Note that using this (wrong) method to analyze the data, and a significance level of 0.05, we would conclude that the data do not provide enough evidence for us to conclude that reaction times differed after drinking two beers. This is an example of how using the wrong statistical method can lead you to wrong conclusions, which in this context can have very serious implications.

• The 95% confidence interval for μ can be used here in the same way as for proportions to conduct the two-sided test (checking whether the null value falls inside or outside the confidence interval) or following a t-test where Ho was rejected to get insight into the value of μ.
• In most situations in practice we use two-sided hypothesis tests, followed by confidence intervals to gain more insight.

Now try a complete example for yourself.

Here are two other datasets with paired samples.

## Non-Parametric Alternatives for Matched Pair Data

LO 5.1: For a data analysis situation involving two variables, determine the appropriate alternative (non-parametric) method when assumptions of our standard methods are not met.

The statistical tests we have previously discussed (and many we will discuss) require assumptions about the distribution in the population or about the requirements to use a certain approximation as the sampling distribution. These methods are called parametric.

When these assumptions are not valid, alternative methods often exist to test similar hypotheses. Tests which require only minimal distributional assumptions, if any, are called non-parametric or distribution-free tests.
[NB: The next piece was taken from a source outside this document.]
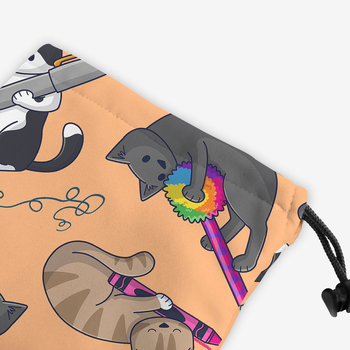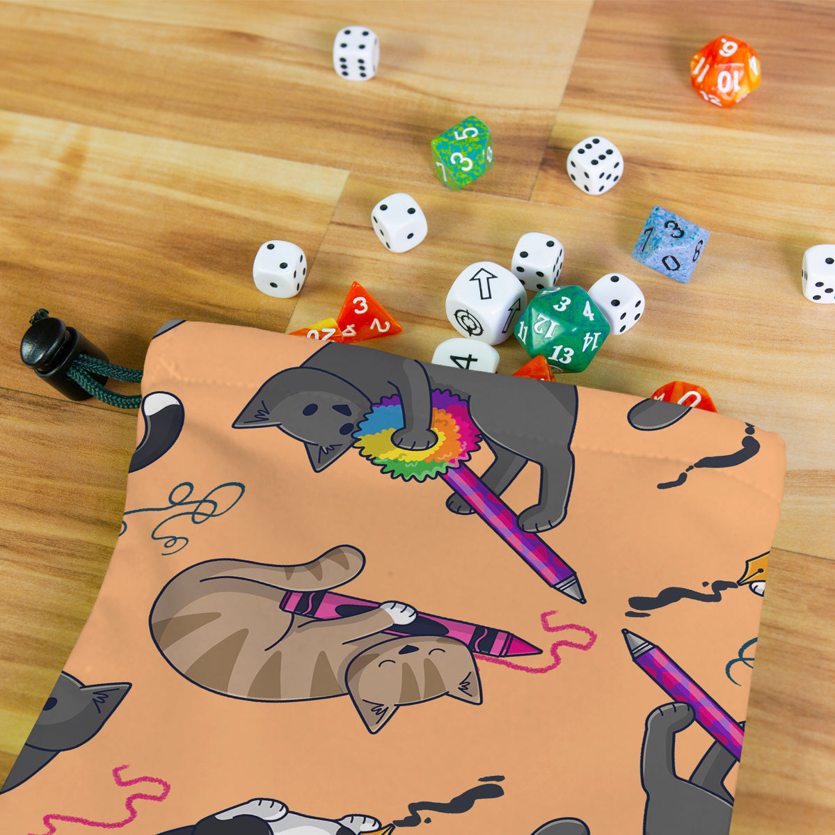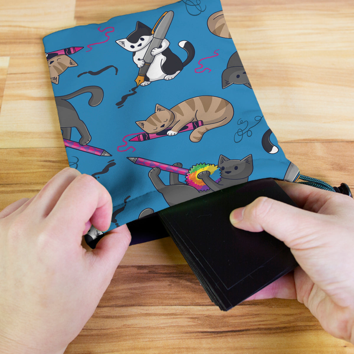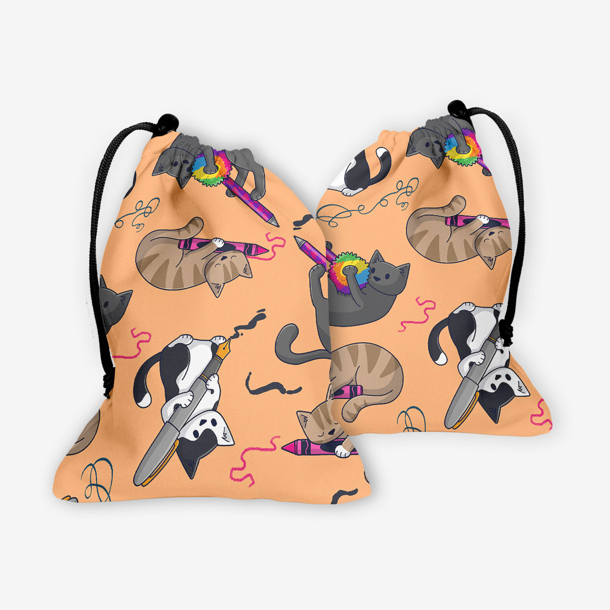 Doodle CatsAlways gaming on the go? Carry everything you need and more using our specially crafted dice bag. But this bag is designed to hold more than just dice. We make it so you can carry other essential accessories and gear with your dice, including deck boxes, life counters, extra sleeves, and pens. Quality is just as important as quantity, which is why our dice bags are crafted using premium material as well. Featuring a soft inner lining and microfiber on the inside and vibrant pre-designed artwork on the outside, our dice bag has an amazing look and feel to it!
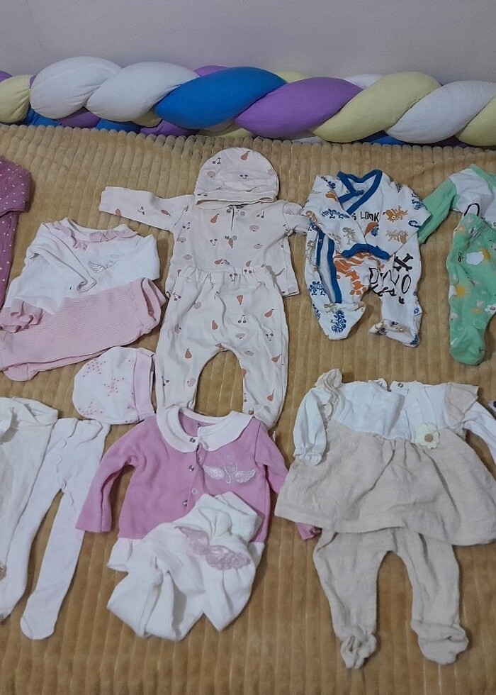 Yenidogan ve 3 aya kadar giyilebilir az giyildi ilave birkaç parça da eklerim toplamda 5 tulum 3 içlik 2 kilotlu çorap 5 adette ikili takim şapkada var pembe ikili takımın birinin arkasinda kanat var ben onu koparmistim geri dikilebilir fotoğrafta var

At the end of this section we will provide some details (see Details for Non-Parametric Alternatives), for now we simply want to mention that there are two common non-parametric alternatives to the paired t-test. They are:

• Sign Test
• Wilcoxon Signed-Rank Test

The fact that both of these tests have the word “sign” in them is not a coincidence – it is due to the fact that we will be interested in whether the differences have a positive sign or a negative sign – and the fact that this word appears in both of these tests can help you to remember that they correspond to paired methods where we are often interested in whether there was an increase (positive sign) or a decrease (negative sign).

## Let’s Summarize

• The paired t-test is used to compare two population means when the two samples (drawn from the two populations) are dependent in the sense that every observation in one sample can be linked to an observation in the other sample. Such a design is called “matched pairs.”
• The most common case in which the matched pairs design is used is when the same subjects are measured twice, usually before and then after some kind of treatment and/or intervention. Another classic case are studies involving twins.
• In the background, we have a two-valued categorical explanatory whose categories define the two populations we are comparing and whose effect on the response variable we are trying to assess.
• The idea behind the paired t-test is to reduce the data from two samples to just one sample of the differences, and use these observed differences as data for inference about a single mean — the mean of the differences, μd.
• The paired t-test is therefore simply a one-sample t-test for the mean of the differences μd, where the null value is 0.
• Once we verify that we can safely proceed with the paired t-test, we use software output to carry it out.
• A 95% confidence interval for μd can be very insightful after a test has rejected the null hypothesis, and can also be used for testing in the two-sided case.
• Two non-parametric alternatives to the paired t-test are the sign test and the Wilcoxon signedrank test. (See Details for Non-Parametric Alternatives.)